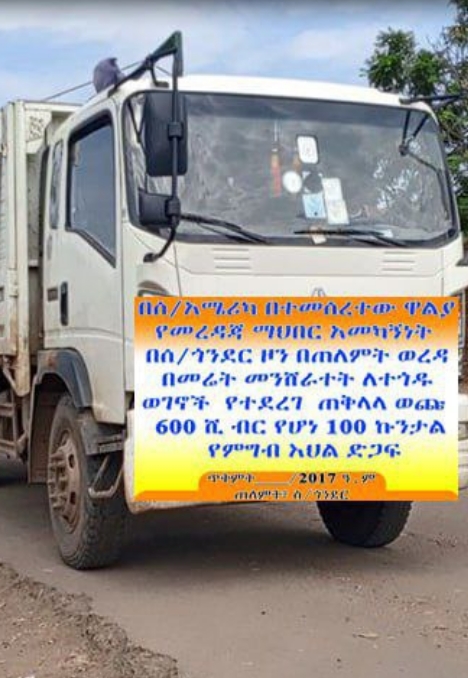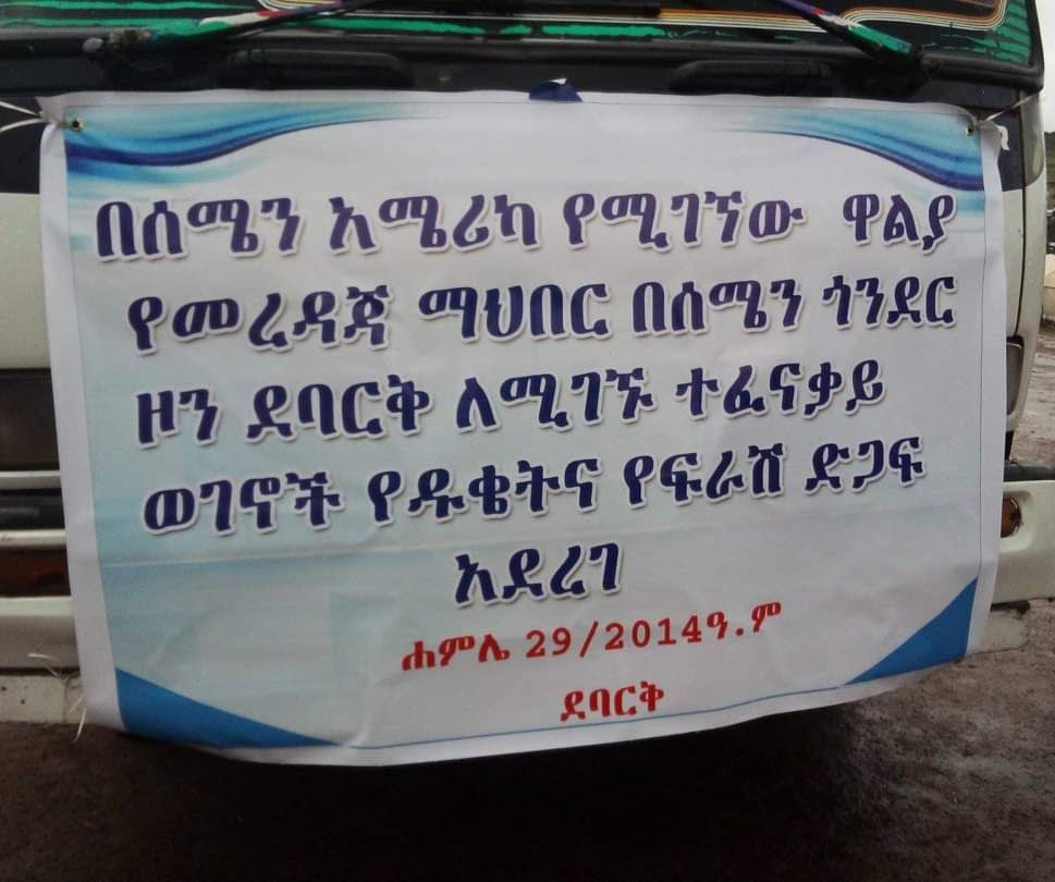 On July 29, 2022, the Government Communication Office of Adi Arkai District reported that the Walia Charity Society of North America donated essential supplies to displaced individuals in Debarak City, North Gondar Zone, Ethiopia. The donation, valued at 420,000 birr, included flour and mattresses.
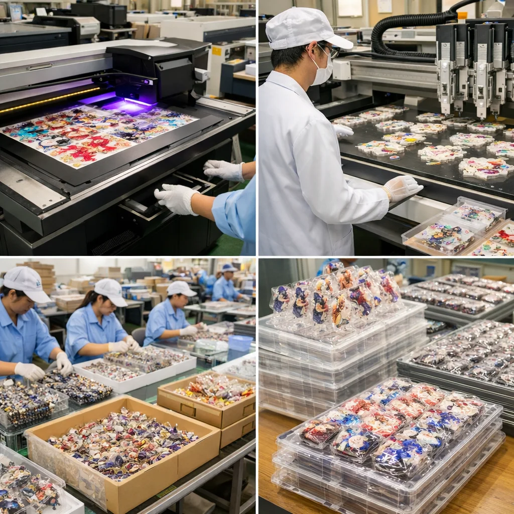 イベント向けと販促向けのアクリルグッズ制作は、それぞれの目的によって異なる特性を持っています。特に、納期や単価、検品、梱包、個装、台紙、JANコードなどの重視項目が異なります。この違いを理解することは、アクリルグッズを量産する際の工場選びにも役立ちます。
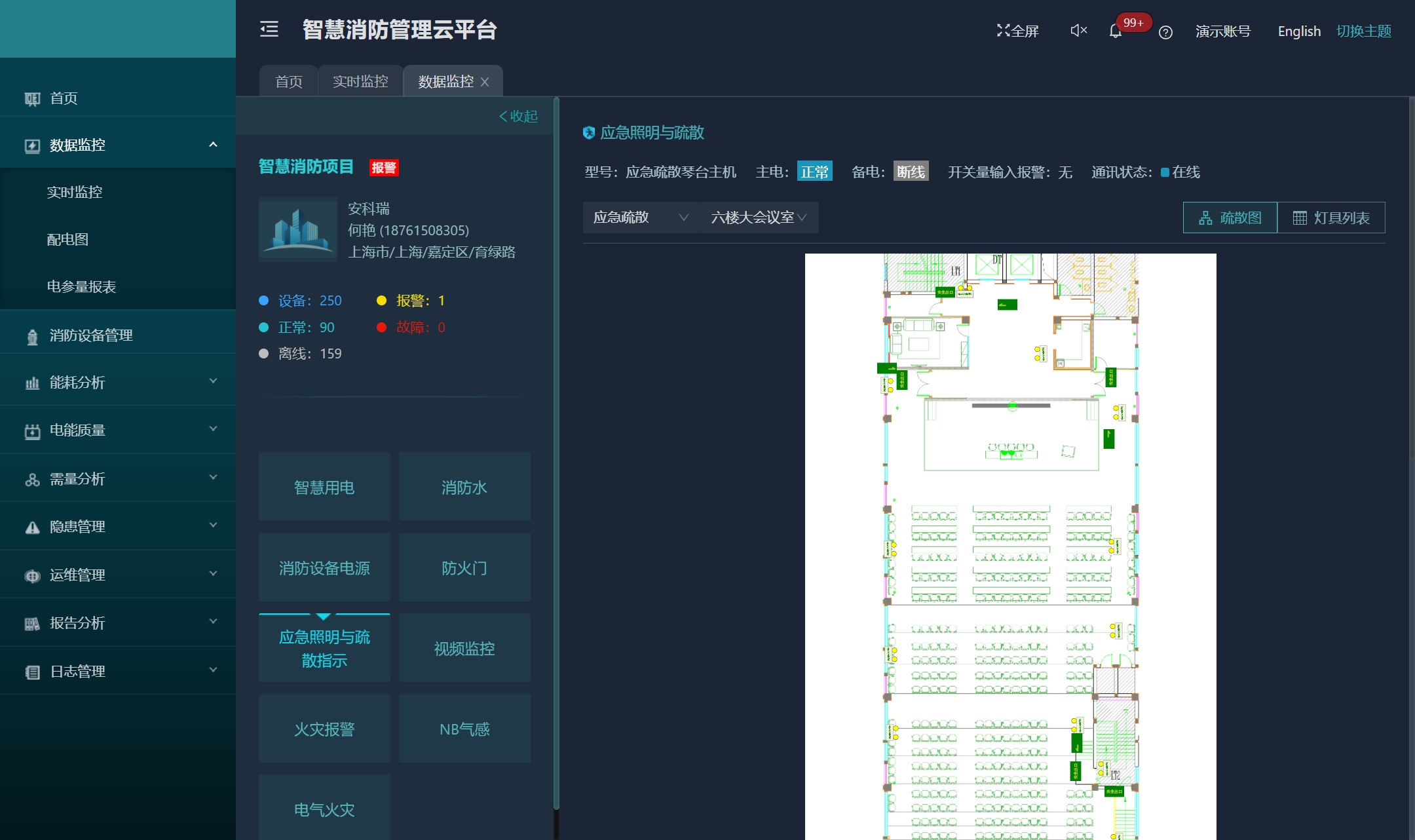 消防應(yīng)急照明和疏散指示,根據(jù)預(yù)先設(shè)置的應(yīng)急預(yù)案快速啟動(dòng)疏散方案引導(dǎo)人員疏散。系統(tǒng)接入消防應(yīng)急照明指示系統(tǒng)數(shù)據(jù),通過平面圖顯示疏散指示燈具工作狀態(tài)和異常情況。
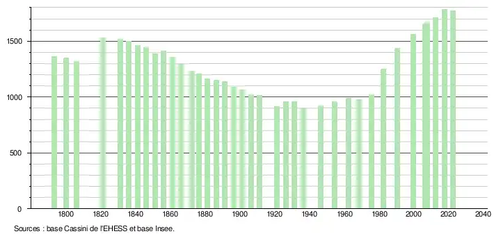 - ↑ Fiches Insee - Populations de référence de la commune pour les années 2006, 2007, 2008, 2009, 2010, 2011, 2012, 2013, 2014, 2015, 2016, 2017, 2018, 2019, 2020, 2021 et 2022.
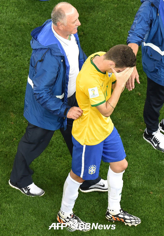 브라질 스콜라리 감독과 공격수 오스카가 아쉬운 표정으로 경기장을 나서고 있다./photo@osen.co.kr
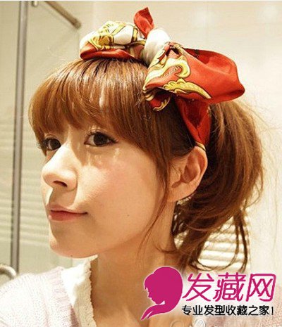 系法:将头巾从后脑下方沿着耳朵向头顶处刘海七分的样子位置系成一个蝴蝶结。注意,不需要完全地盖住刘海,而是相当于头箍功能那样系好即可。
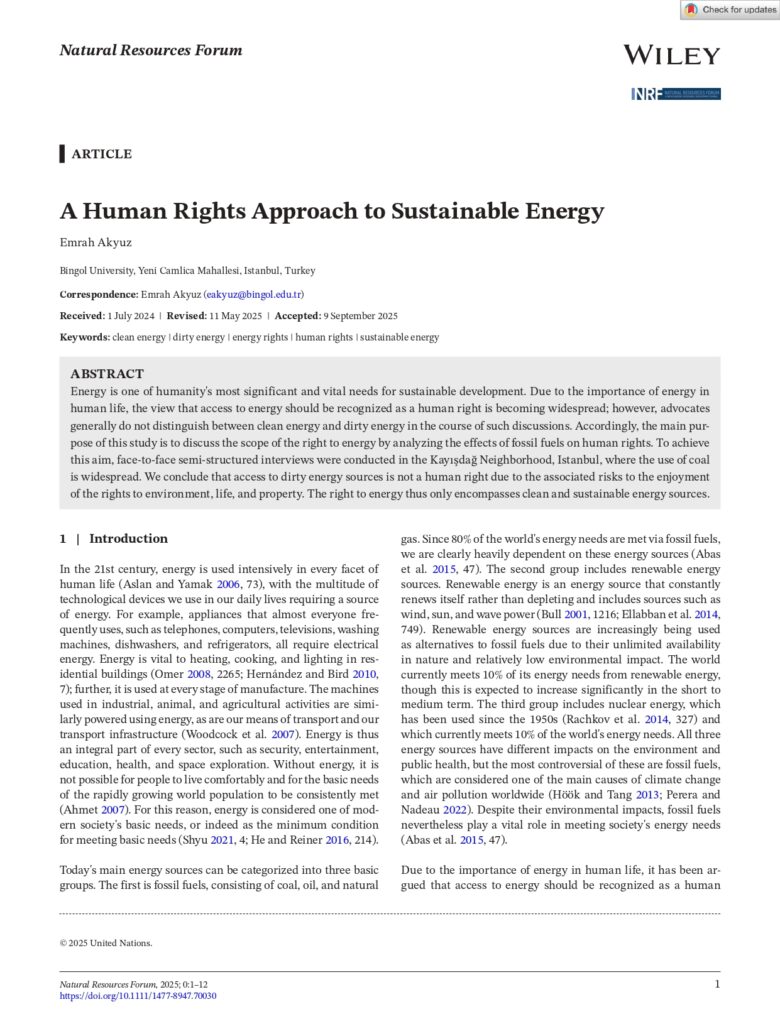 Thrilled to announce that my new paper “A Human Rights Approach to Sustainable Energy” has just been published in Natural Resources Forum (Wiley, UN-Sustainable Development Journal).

------------------------

*WHAT YOU SHOULD DO:* The reply needs to repeat exactly the line containing "- ↑ Fiches Insee" and each line after it, through the final line of the entries above, and to skip the pictures.

*RESULT FOR THIS EXERCISE:*
 - ↑ Fiches Insee - Populations de référence de la commune pour les années 2006, 2007, 2008, 2009, 2010, 2011, 2012, 2013, 2014, 2015, 2016, 2017, 2018, 2019, 2020, 2021 et 2022.
 브라질 스콜라리 감독과 공격수 오스카가 아쉬운 표정으로 경기장을 나서고 있다./photo@osen.co.kr
 系法:将头巾从后脑下方沿着耳朵向头顶处刘海七分的样子位置系成一个蝴蝶结。注意,不需要完全地盖住刘海,而是相当于头箍功能那样系好即可。
 Thrilled to announce that my new paper “A Human Rights Approach to Sustainable Energy” has just been published in Natural Resources Forum (Wiley, UN-Sustainable Development Journal).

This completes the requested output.